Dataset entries
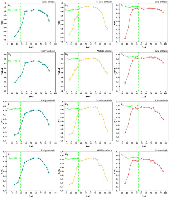 The time-series dynamic changes in the NDVI, GNDVI, EVI, EVI2, and NDRE are shown in Figure 5, in which the early, middle and late anthesis varieties of SJZ are presented as an example and the green dotted lines indicate the IADAS of each variety, respectively. It can be seen that these vegetation indices changed similarly, with an initial increase followed by a decrease, aligning with the typical growth dynamics of vegetation. After soybean emergence, NDVI, GNDVI, EVI, EVI2, and NDRE rapidly increased, and reached their maximum around DAS 40. Subsequently, NDVI and GNDVI remained stable between DAS 40 and 80, with values close to 0.9 and 0.8, respectively. EVI and EVI2 also stayed near 0.9 from DAS 35–75, while NDRE remained at approximately 0.3 from DAS 50–75. When this entered the maturity stage around DAS 80, all five indices showed a rapid decline. For a wide variety of soybean materials, like early, middle, and late flowering varieties, the spectral curves of these five indices became saturated at different time positions, like before, after, and near anthesis (near DAS 40), making it difficult to extract consistent features from them to monitor the soybean IADAS.
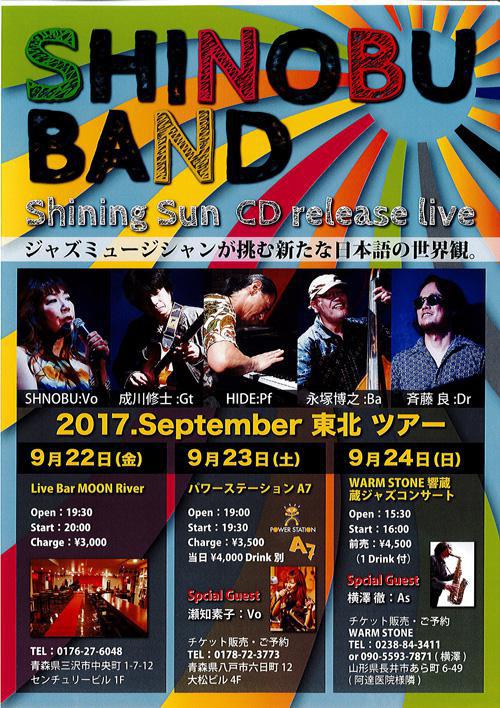 毎週木曜日放送の『T's Music Lounge』の横澤徹さんより、コンサートの割引ご招待のプレゼントです! 9月24日(日)に WORM STONE 響蔵(ウォームストーンひびきぐら)で開催される「SHINOBU BAND 蔵ジャズコンサート」を特別価格でご招待いたします。通常 一般 4,500円のチケットですが、2,000円割引の 2,500円で入場いただけます。 ご希望の方は、次の要領でご応募ください。 ※※ プレゼントの応募は締め切りました。たくさんのご応募ありがとうございました。 ※※ ■■■ 「SHINOBU BAND 蔵ジャズコンサート」の割引チケット ■■■ ●SHINOBU BAND 蔵ジャズコンサート 日時 : 2017年9月24日(土) 開場 15:30 開演 16:00 場所 : WARM STONE 響蔵(長井市あら町6-29) <応募方法>おらんだラジオホームページのメッセージフォームまたはメールで以下の内容をご記入の上、ご応募ください。 「SHINOBU BAND 蔵ジャズコンサート」割引チケット希望 ラジオネーム : お名前 : 連絡の取れるメールアドレスまたは、電話番号 : <応募条件>・募集締め切り 2017年9月21日(木)ゆうらじ 終了まで・おらんだラジオまで直接チケットを取りにきていただける方に限ります※応募多数の場合には抽選となります※当選者には、おらんだラジオ事務局よりご連絡致します ::::: エフエム い〜じゃん おらんだラジオ 77.7MHz :::::
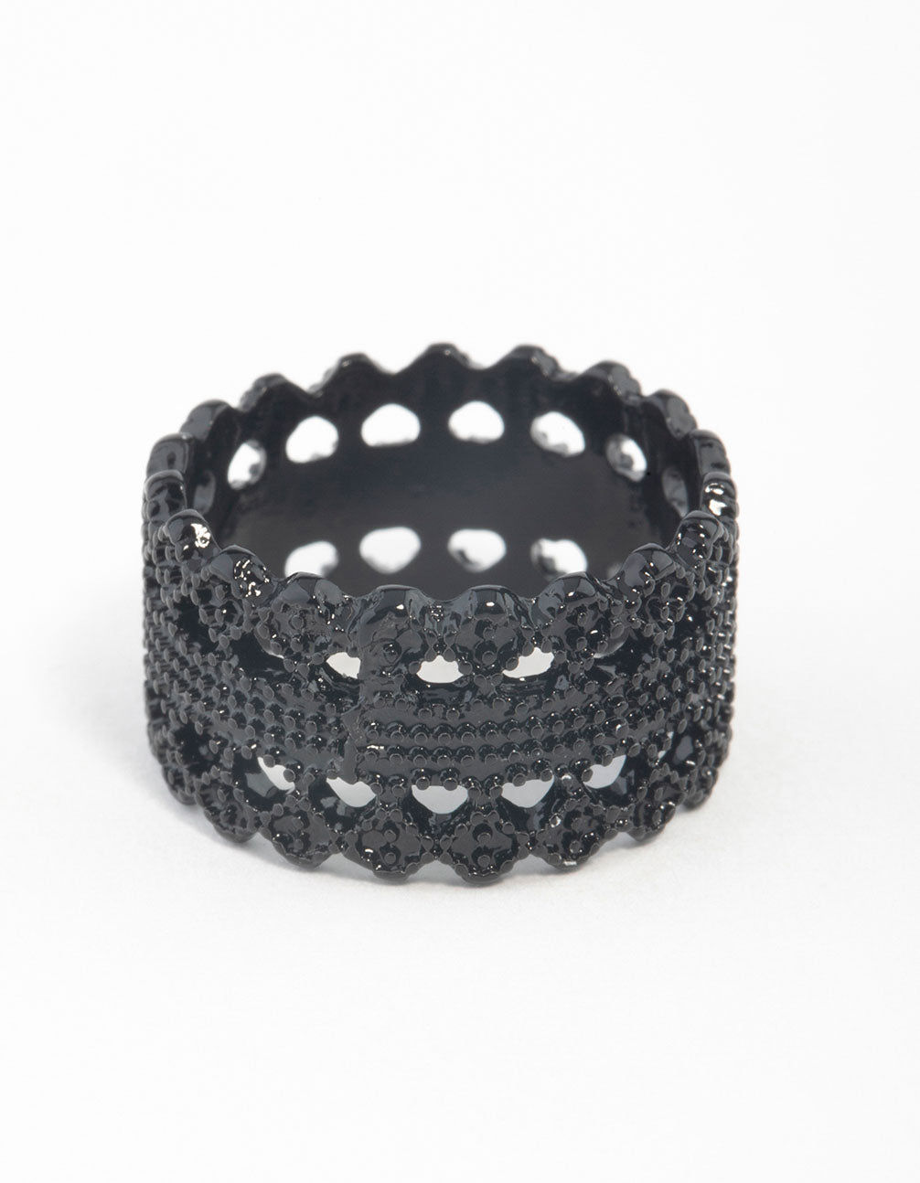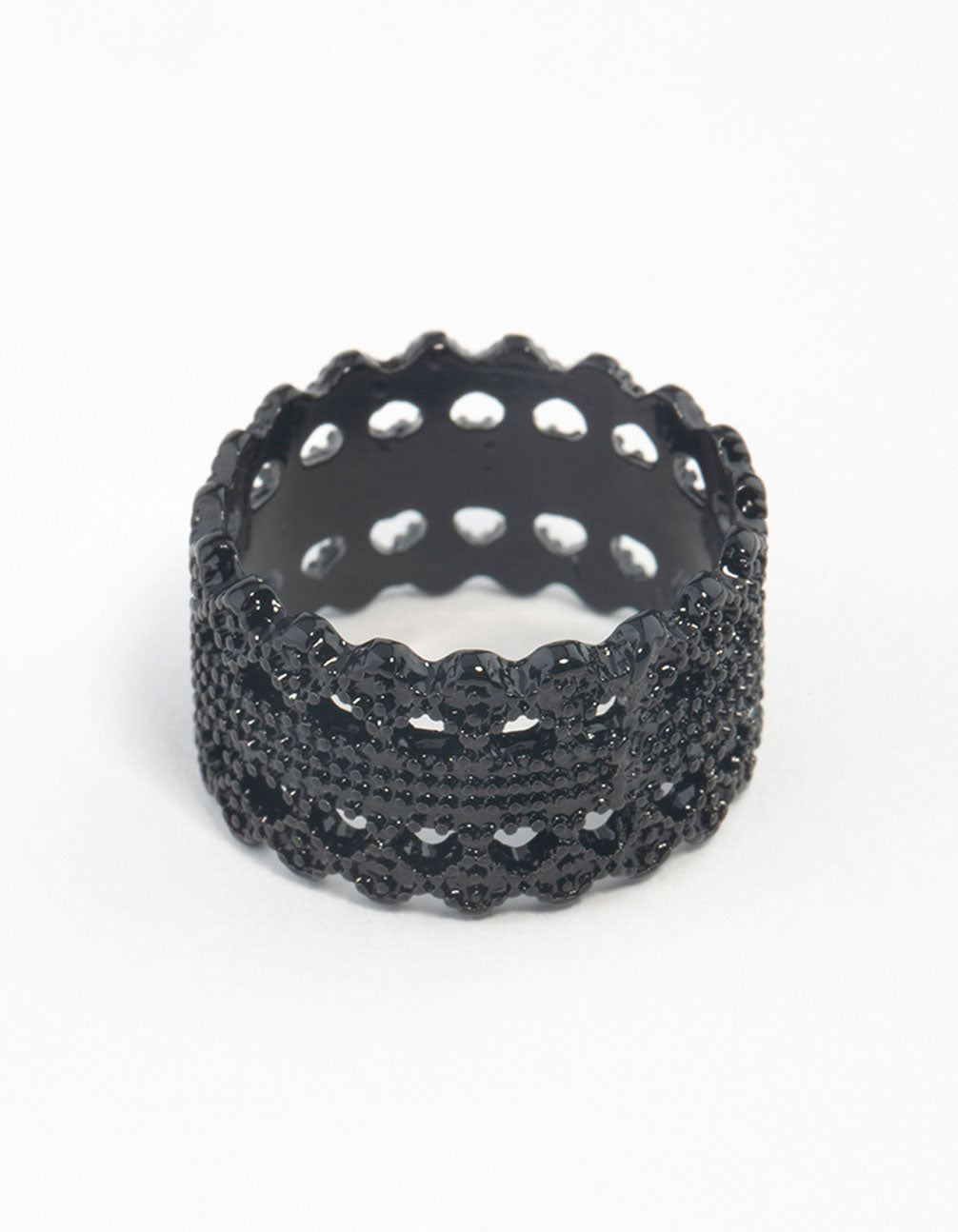 Loving the lace look? This ring is for you! This black-toned ring has lace trim details. Wear alone with an all black look for full effect or stack with coloured rings for a dramatic look.
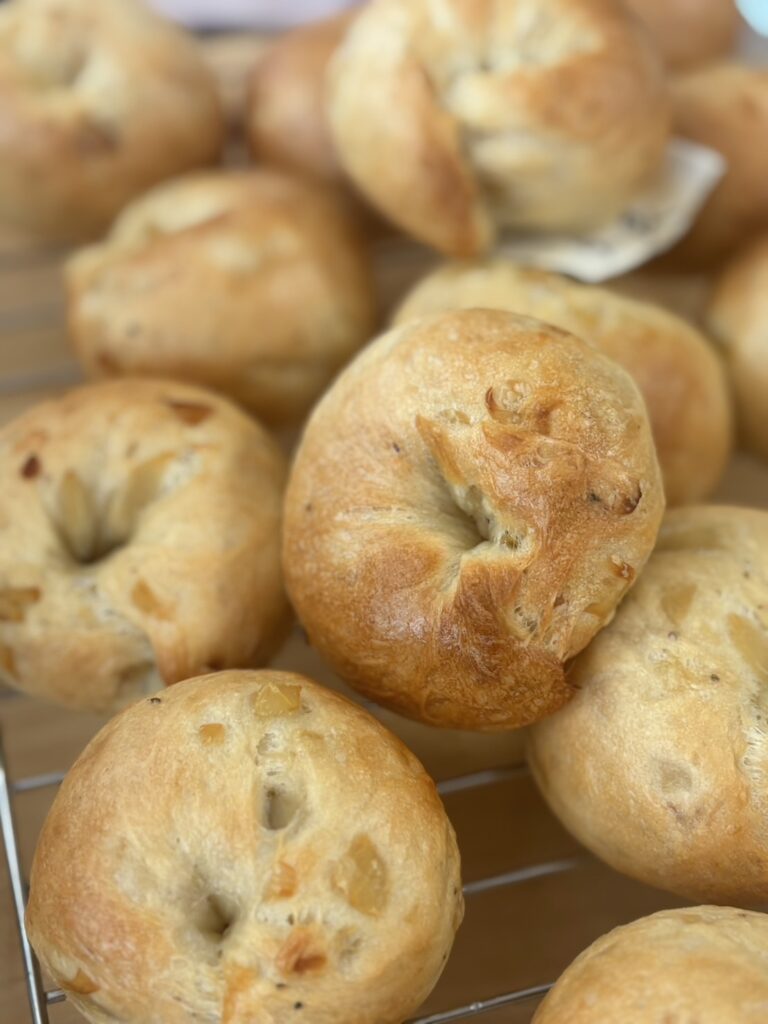 ベーグルは3種類! プレーン、オニオン入りベーグル、ゆかり&しその実ベーグル。
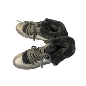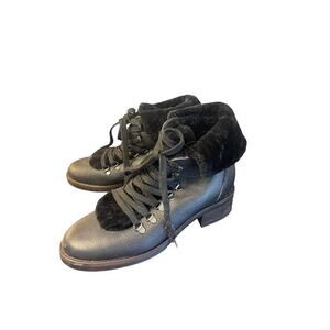Boden Black Leather Sherling Cuff Lace Up Combat Moto Boot, Grunge, EU 41, US 10
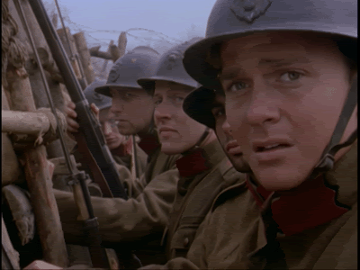 While arguing over an empty spot in a crowded parking lot, two younger men were inadvertently told the story of when Jones fought for the affection of an Italian girl in wartime, 1918. At that time his rival had been none other than Ernest Hemingway.[176] Later on, Jones daughter Sophie tried to drag him away from the soap opera he was watching, so they would not miss the grandparent's tea at his granddaughter Lucy's school. Indy claimed that there were times when life was just like theater and proceeded to tell his daughter the story of when he personally witnessed the Easter Rebellion in Ireland, 1916.[159]
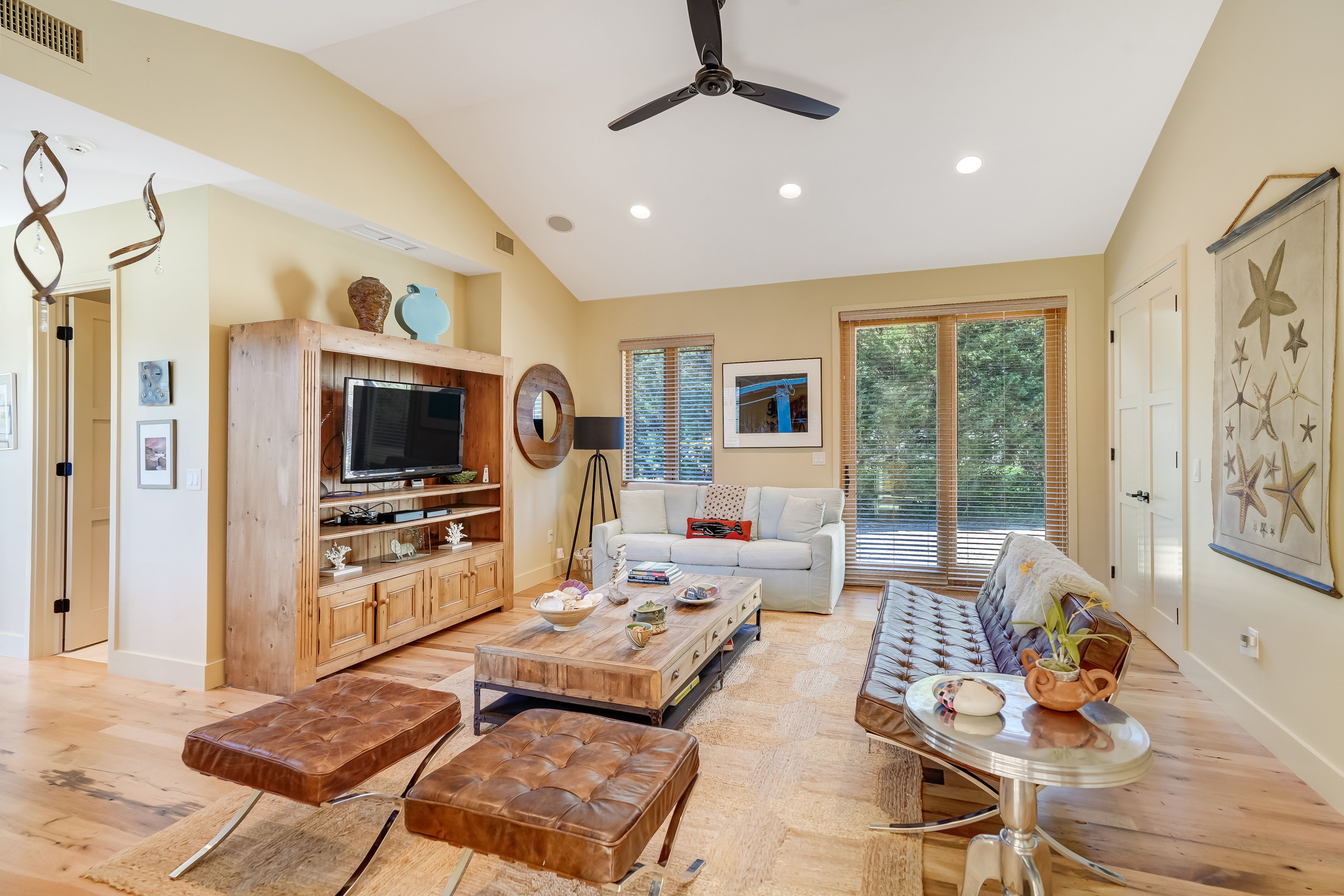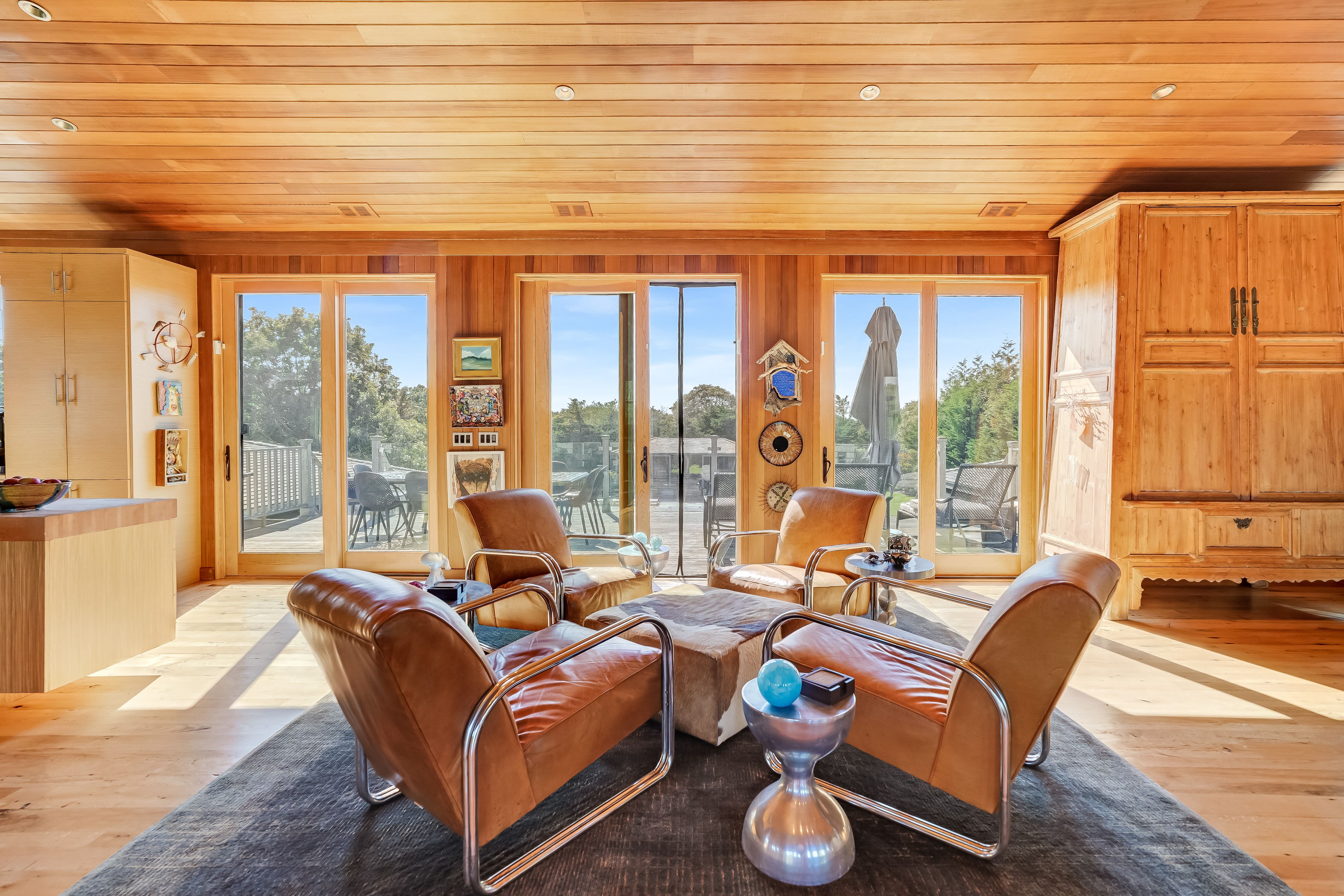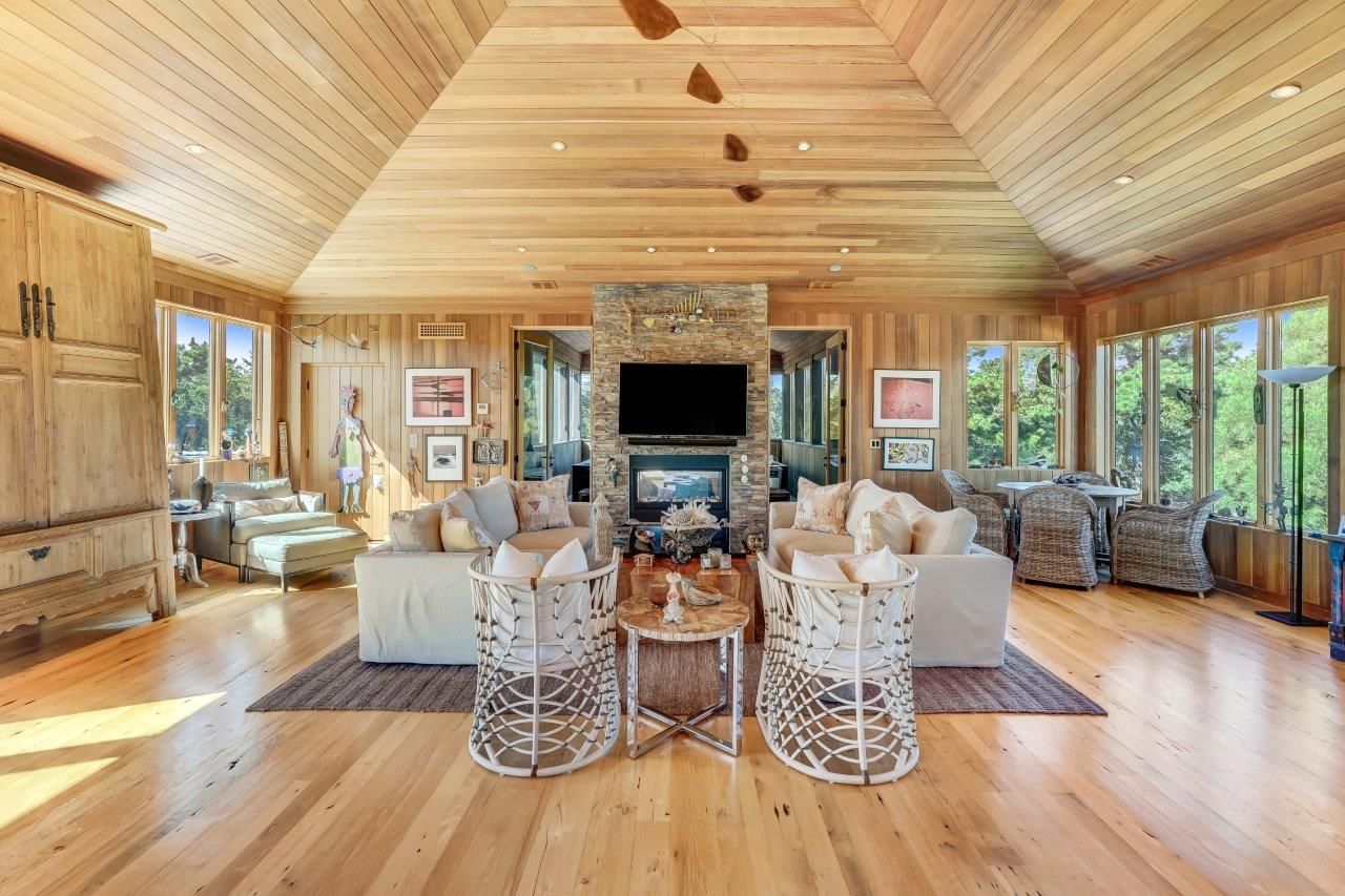The Main House: Flooded with natural light, the upper-level Great Room spans the full length of the home with vaulted ceilings, walls of glass, and seamless access to the pool-facing deck. Multiple living and dining areas surround a cozy fireplace and media space, while the chef’s kitchen—featuring top-tier appliances. A screened porch with a propane fireplace and a separate grilling deck invite make this home a wonderful place to entertain. An elevator connects the main floor and upper level.

* _PROBLEM TO SOLVE_
In the data above, take the line with "ベーグルは3種類! プレーン、オニオン入りベーグル、ゆかり&しその実ベーグル。", the line with "Boden Black Leather", and every line between, and set them down exactly without pictures.

* _PROBLEM SOLUTION_
 ベーグルは3種類! プレーン、オニオン入りベーグル、ゆかり&しその実ベーグル。
Boden Black Leather Sherling Cuff Lace Up Combat Moto Boot, Grunge, EU 41, US 10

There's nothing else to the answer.